**DIRECTIONS FOR THIS TASK**
Word for word, restate the lines from the top of the records below through the line with "Sensor imaging simulation", both included, with no pictures in the result.

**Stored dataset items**
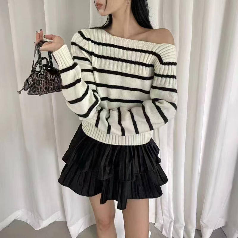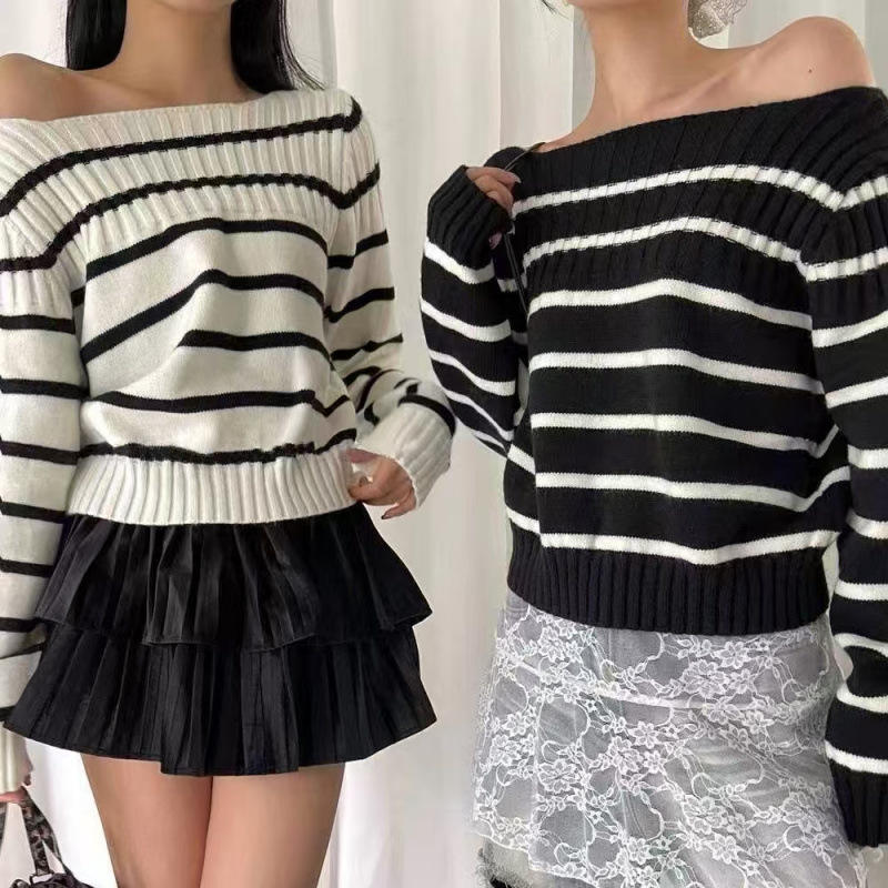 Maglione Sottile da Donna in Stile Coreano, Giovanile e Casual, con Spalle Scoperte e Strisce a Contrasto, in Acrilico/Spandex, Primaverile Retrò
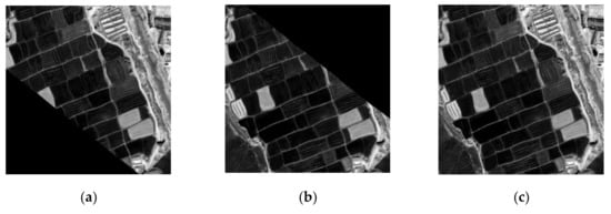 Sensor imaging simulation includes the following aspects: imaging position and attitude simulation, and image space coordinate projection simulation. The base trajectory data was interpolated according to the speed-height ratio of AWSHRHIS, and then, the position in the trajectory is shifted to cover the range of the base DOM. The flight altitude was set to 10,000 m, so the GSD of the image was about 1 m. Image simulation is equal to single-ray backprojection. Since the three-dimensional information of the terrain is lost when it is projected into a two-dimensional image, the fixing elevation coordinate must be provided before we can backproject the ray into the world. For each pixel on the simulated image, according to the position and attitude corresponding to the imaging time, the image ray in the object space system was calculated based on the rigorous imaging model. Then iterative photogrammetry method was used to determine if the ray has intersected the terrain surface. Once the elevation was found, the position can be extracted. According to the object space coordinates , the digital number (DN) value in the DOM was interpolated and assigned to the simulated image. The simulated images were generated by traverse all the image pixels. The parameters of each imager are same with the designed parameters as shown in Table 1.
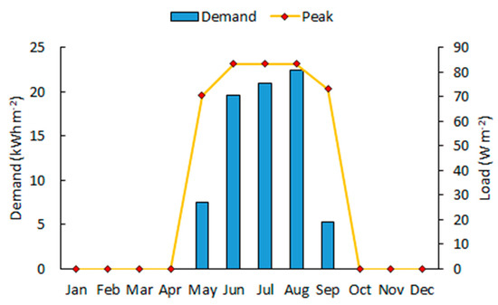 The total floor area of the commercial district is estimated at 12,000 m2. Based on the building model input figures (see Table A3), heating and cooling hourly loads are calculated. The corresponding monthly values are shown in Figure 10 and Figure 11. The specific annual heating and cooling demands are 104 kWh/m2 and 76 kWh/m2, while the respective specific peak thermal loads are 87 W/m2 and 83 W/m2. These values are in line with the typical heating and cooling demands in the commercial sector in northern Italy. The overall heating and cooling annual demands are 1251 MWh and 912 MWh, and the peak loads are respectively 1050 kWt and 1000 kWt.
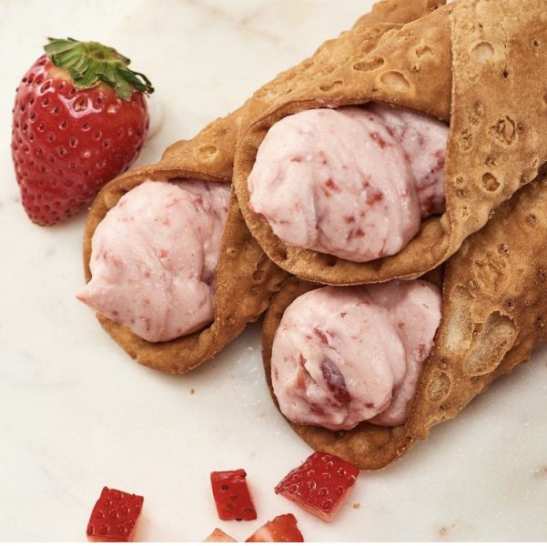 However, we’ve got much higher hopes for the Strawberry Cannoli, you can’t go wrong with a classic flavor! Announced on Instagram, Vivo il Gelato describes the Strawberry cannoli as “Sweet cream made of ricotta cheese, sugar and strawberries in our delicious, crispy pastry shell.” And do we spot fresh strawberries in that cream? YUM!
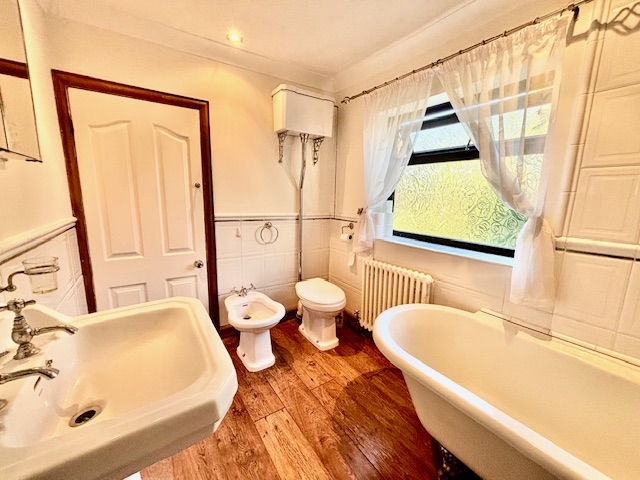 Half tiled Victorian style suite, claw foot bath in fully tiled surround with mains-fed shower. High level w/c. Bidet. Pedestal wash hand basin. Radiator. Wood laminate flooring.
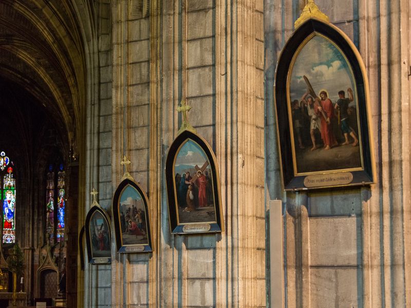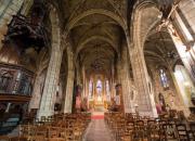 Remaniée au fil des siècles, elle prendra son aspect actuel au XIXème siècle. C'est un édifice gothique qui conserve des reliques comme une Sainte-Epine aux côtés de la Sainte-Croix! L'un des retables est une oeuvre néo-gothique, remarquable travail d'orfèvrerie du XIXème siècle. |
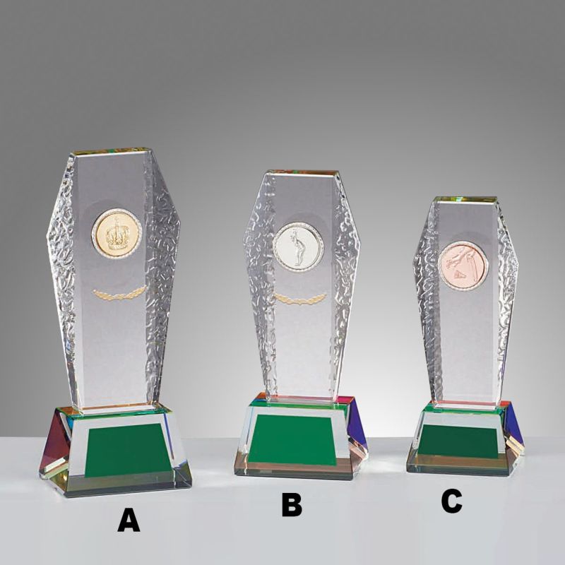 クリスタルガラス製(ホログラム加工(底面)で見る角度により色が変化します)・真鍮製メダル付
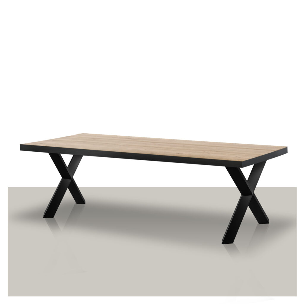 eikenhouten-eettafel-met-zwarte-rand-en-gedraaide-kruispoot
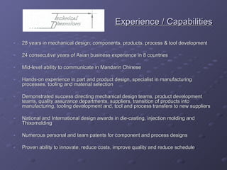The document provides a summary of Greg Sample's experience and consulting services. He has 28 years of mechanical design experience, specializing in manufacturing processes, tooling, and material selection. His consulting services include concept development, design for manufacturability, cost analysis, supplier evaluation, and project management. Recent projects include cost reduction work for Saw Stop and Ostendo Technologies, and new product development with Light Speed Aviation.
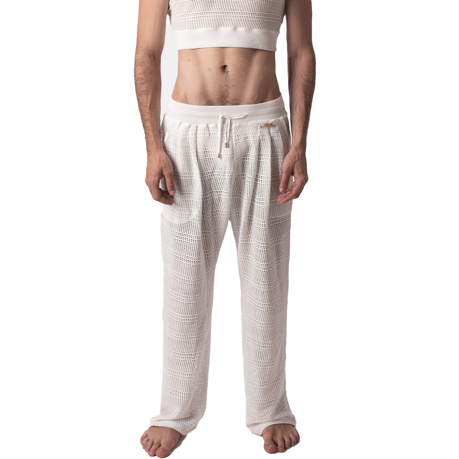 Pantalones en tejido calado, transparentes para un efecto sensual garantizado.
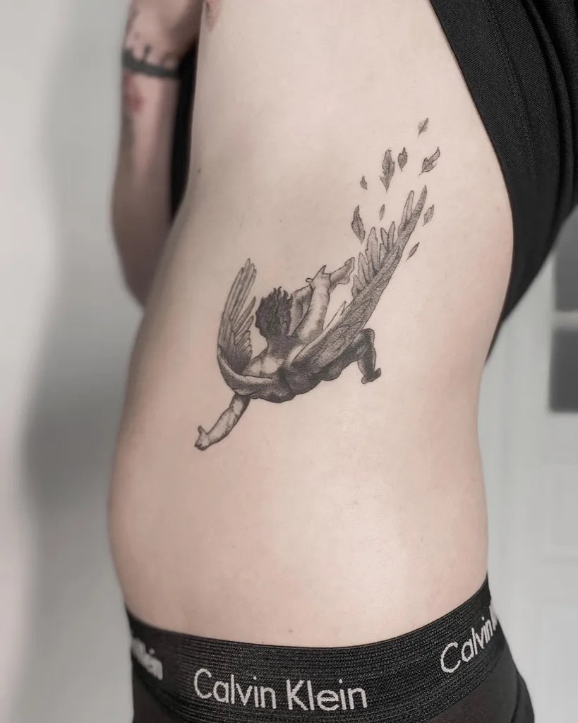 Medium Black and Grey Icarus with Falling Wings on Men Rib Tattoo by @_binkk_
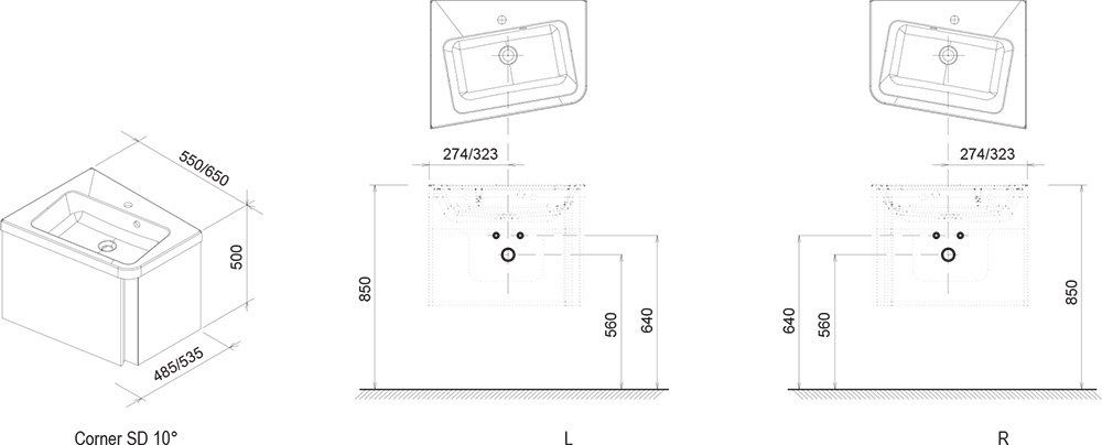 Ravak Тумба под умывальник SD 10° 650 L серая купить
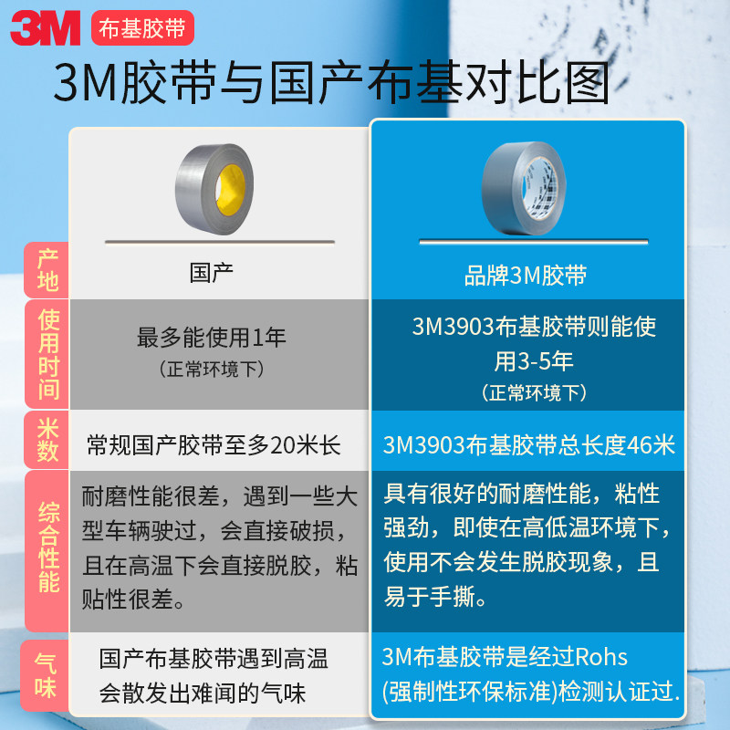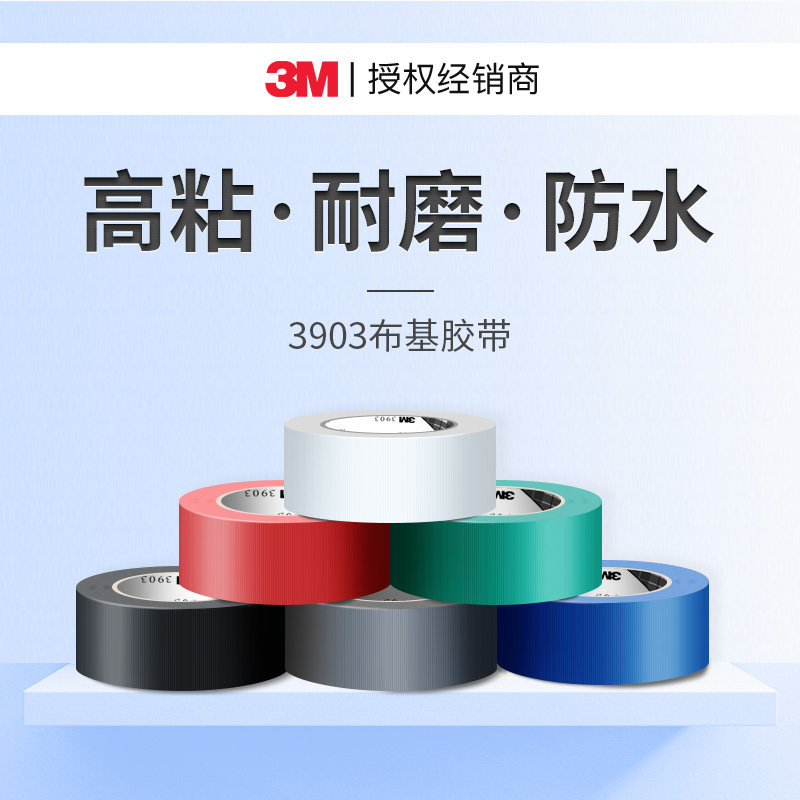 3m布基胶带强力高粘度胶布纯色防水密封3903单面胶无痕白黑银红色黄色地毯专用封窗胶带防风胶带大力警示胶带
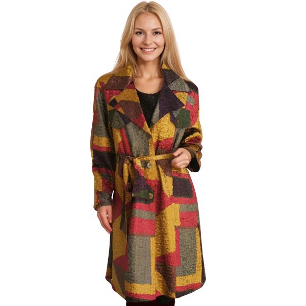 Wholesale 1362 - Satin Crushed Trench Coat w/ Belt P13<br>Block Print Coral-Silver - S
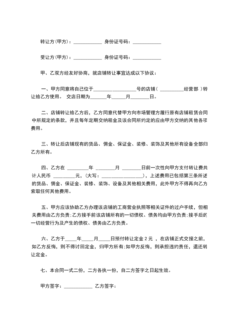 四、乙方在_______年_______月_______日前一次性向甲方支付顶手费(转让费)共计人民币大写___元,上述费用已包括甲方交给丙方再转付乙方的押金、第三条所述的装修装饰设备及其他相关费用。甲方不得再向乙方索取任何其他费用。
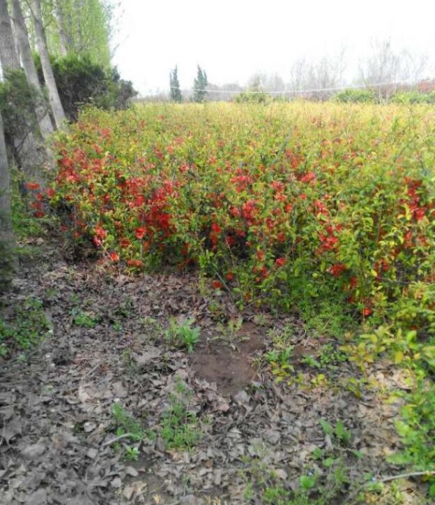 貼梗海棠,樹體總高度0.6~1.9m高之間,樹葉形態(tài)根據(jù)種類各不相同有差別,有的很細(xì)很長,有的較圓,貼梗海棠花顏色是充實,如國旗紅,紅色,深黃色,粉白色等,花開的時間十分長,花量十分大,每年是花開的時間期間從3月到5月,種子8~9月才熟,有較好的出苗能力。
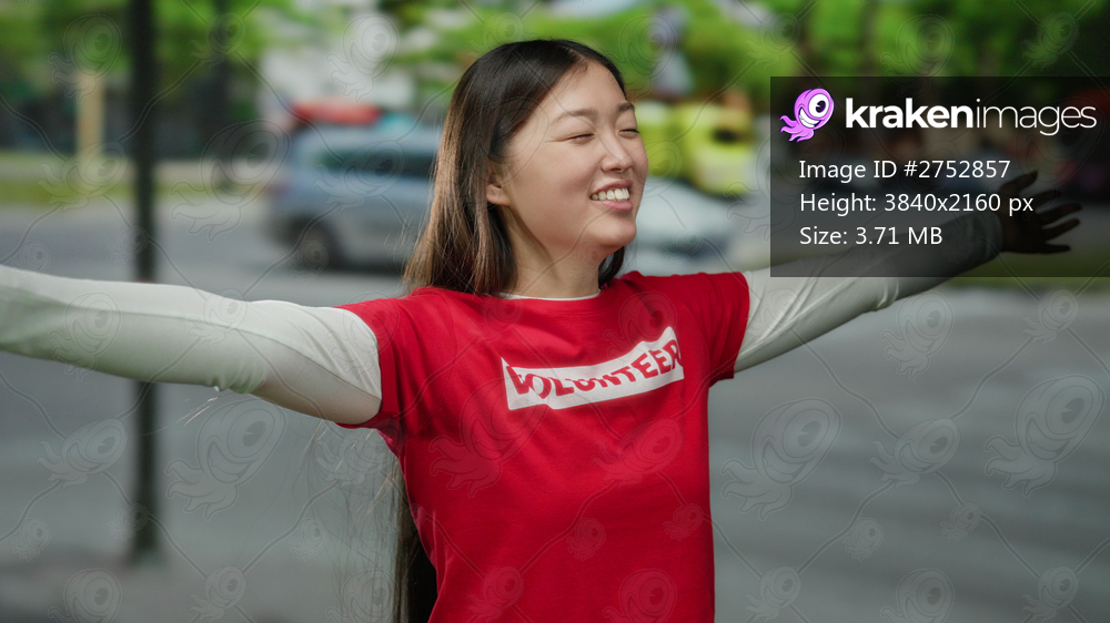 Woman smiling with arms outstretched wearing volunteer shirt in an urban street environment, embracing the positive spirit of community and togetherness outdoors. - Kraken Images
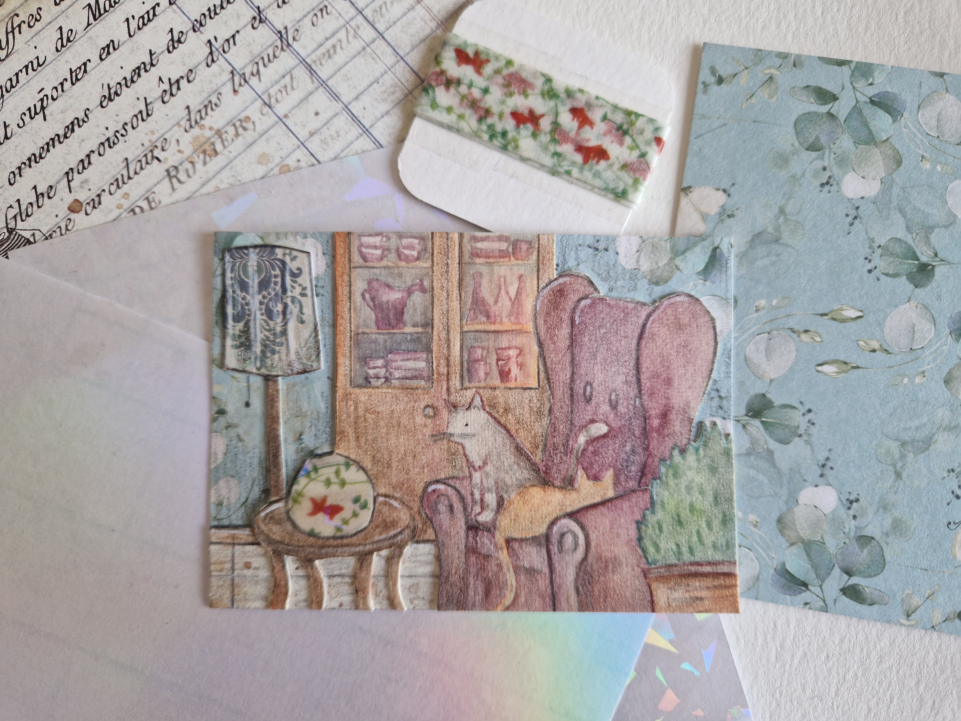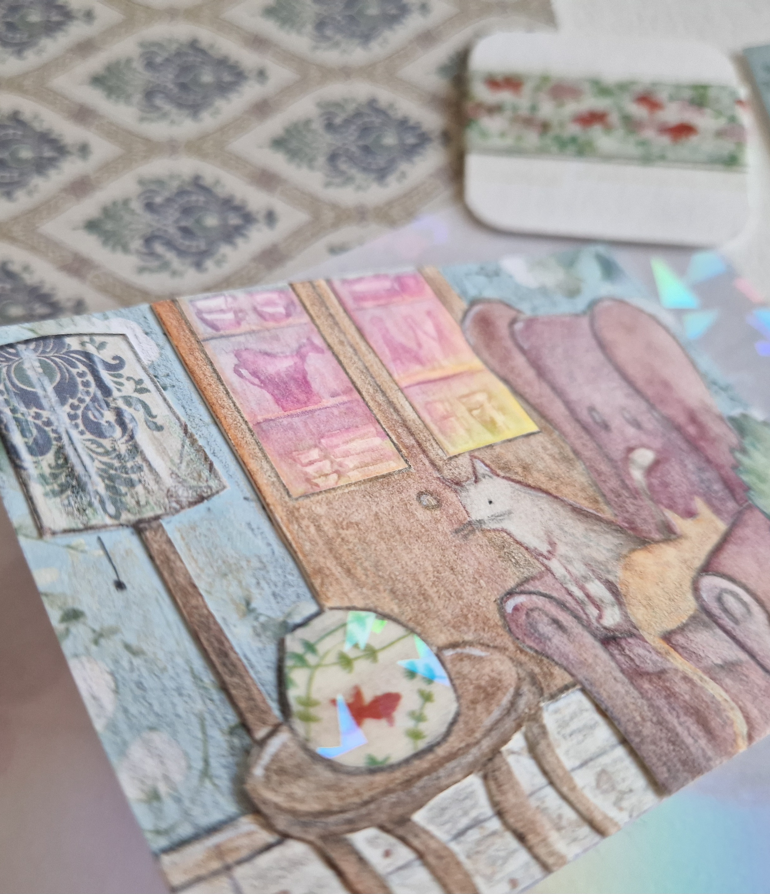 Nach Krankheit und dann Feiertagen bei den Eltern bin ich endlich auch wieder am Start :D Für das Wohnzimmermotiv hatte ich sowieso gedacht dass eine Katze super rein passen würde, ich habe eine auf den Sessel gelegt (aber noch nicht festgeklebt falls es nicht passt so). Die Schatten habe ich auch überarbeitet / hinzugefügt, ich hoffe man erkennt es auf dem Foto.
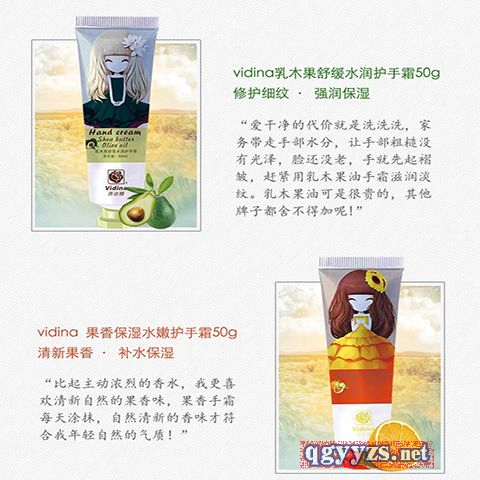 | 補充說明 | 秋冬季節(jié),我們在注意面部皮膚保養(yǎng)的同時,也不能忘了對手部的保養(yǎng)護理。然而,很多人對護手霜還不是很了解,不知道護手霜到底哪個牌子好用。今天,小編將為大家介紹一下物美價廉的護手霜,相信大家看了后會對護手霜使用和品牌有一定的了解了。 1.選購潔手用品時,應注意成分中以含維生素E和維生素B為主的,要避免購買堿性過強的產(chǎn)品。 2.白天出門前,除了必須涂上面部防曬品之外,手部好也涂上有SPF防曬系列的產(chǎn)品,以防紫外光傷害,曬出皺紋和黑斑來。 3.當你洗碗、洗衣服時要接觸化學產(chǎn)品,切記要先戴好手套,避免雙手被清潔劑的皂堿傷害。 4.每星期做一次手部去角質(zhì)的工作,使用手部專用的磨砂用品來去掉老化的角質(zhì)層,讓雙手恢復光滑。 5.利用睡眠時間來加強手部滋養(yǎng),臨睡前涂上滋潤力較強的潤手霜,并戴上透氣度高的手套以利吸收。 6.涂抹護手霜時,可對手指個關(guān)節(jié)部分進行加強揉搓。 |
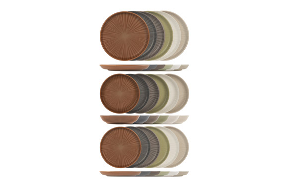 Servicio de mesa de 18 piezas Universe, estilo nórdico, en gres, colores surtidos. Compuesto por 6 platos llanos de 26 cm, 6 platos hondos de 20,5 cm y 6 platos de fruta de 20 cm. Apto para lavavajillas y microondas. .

**ANSWER AREA**
 Maglione Sottile da Donna in Stile Coreano, Giovanile e Casual, con Spalle Scoperte e Strisce a Contrasto, in Acrilico/Spandex, Primaverile Retrò
 Sensor imaging simulation includes the following aspects: imaging position and attitude simulation, and image space coordinate projection simulation. The base trajectory data was interpolated according to the speed-height ratio of AWSHRHIS, and then, the position in the trajectory is shifted to cover the range of the base DOM. The flight altitude was set to 10,000 m, so the GSD of the image was about 1 m. Image simulation is equal to single-ray backprojection. Since the three-dimensional information of the terrain is lost when it is projected into a two-dimensional image, the fixing elevation coordinate must be provided before we can backproject the ray into the world. For each pixel on the simulated image, according to the position and attitude corresponding to the imaging time, the image ray in the object space system was calculated based on the rigorous imaging model. Then iterative photogrammetry method was used to determine if the ray has intersected the terrain surface. Once the elevation was found, the position can be extracted. According to the object space coordinates , the digital number (DN) value in the DOM was interpolated and assigned to the simulated image. The simulated images were generated by traverse all the image pixels. The parameters of each imager are same with the designed parameters as shown in Table 1.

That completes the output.